In this paper, we characterize the climatological diurnal cycles over monsoon land and ocean regions, and seasonal cycles for six major monsoon systems around the world, from observations and outputs of the NASA Seasonal-to-Interannual Prediction Project (NSIPP) general circulation model outputs. Over monsoon land regions, the diurnal cycle has a pronounced late afternoon peak in rainfall and over the oceans a much weak diurnal signal with an early morning peak. The NSIPP model produces a daily peak in rainfall about 2-3 hours earlier than observed, possibly attributed to a cumulus parameterization which does not include cloud life cycle effects, and which lack detailed treatment of boundary layer processes.

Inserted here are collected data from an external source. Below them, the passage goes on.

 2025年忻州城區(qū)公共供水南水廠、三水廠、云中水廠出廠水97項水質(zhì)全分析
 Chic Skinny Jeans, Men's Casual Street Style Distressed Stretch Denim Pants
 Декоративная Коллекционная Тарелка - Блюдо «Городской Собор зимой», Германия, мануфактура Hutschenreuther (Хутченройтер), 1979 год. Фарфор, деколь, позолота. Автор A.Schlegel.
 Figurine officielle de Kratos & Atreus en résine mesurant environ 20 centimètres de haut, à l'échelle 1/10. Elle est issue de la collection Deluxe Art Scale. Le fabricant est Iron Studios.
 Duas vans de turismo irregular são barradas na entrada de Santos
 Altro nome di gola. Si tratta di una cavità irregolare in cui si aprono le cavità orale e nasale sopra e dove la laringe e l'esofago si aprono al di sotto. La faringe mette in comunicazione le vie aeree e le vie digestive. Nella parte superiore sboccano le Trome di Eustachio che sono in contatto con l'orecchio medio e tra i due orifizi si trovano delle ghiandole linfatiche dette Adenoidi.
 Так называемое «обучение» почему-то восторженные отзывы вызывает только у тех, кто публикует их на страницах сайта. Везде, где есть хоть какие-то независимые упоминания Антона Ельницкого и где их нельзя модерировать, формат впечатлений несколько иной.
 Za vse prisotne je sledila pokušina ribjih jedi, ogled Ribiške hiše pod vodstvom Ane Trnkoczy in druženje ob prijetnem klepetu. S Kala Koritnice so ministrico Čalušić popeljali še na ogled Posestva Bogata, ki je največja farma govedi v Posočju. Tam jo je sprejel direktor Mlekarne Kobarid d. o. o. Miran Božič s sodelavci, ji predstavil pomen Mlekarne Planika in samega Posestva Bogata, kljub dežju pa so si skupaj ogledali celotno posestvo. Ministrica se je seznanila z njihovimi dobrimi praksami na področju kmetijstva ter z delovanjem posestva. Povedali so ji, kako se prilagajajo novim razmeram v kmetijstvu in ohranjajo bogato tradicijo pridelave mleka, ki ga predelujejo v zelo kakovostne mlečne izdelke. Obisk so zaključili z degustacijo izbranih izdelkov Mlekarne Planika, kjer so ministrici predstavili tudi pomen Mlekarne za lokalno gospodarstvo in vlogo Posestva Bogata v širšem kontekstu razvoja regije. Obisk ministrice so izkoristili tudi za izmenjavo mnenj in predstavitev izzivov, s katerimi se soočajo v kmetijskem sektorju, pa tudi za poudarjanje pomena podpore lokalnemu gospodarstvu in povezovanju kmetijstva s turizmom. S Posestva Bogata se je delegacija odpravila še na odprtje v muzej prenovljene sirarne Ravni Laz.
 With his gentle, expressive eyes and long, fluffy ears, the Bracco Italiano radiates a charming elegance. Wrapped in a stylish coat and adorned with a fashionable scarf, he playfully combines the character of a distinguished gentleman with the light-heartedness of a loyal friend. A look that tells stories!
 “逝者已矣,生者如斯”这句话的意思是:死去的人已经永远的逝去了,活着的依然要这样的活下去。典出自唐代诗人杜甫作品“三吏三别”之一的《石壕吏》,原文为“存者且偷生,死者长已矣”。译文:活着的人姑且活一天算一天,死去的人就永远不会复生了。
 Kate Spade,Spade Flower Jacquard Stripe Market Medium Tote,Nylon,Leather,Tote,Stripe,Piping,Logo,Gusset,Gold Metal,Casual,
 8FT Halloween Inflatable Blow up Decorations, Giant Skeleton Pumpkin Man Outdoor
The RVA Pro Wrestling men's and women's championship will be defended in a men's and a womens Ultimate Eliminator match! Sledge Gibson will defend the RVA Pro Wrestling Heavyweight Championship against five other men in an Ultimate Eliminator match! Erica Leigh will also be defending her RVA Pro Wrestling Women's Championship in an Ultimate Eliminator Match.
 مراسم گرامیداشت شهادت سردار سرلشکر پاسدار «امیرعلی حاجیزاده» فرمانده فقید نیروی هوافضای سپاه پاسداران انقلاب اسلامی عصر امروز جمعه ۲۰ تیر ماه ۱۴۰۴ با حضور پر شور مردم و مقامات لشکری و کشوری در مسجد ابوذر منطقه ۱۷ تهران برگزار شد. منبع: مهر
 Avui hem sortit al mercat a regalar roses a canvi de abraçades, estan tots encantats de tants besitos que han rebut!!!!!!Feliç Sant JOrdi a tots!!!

The seasonal cycles of all monsoon rain systems are controlled by an ITCZ and a subtropical and/or extratropical component due to the presence of contiguous large continental land mass. Strong climatological intraseasonal oscillations (CISO) are found in the monsoon systems of South Asia and East Asia, Australia, and South America, and to a lesser degree for West Africa and Mexico/North America. The NSIPP model captures the slow component seasonal component reasonably well, but the CISO's are not well simulated. Analysis with reference to a new monsoon index shows that the major monsoon systems can be classified into three major groups (M1-3) according to the relative strength of continental vs. oceanic controls. East Asian and South Asian monsoons belong to a group (MI), where the continental influence is stronger than that from the ITCZ. The North America and South America monsoons show similar characteristics with the ITCZ influence slight stronger than continental influence (M2). The West Africa and Australia monsoons are found to be essentially ITCZ-monsoon systems (M3), with strong oceanic control, and limited poleward excursion of the monsoon rainbelt. We also find a clear trend associated with an increase in continentality for M3 monsoons, i.e., the West African and the Australian monsoons in the last two decades. We speculate that the former is linked to the partially recovery of the Sahel drought since the 1980's.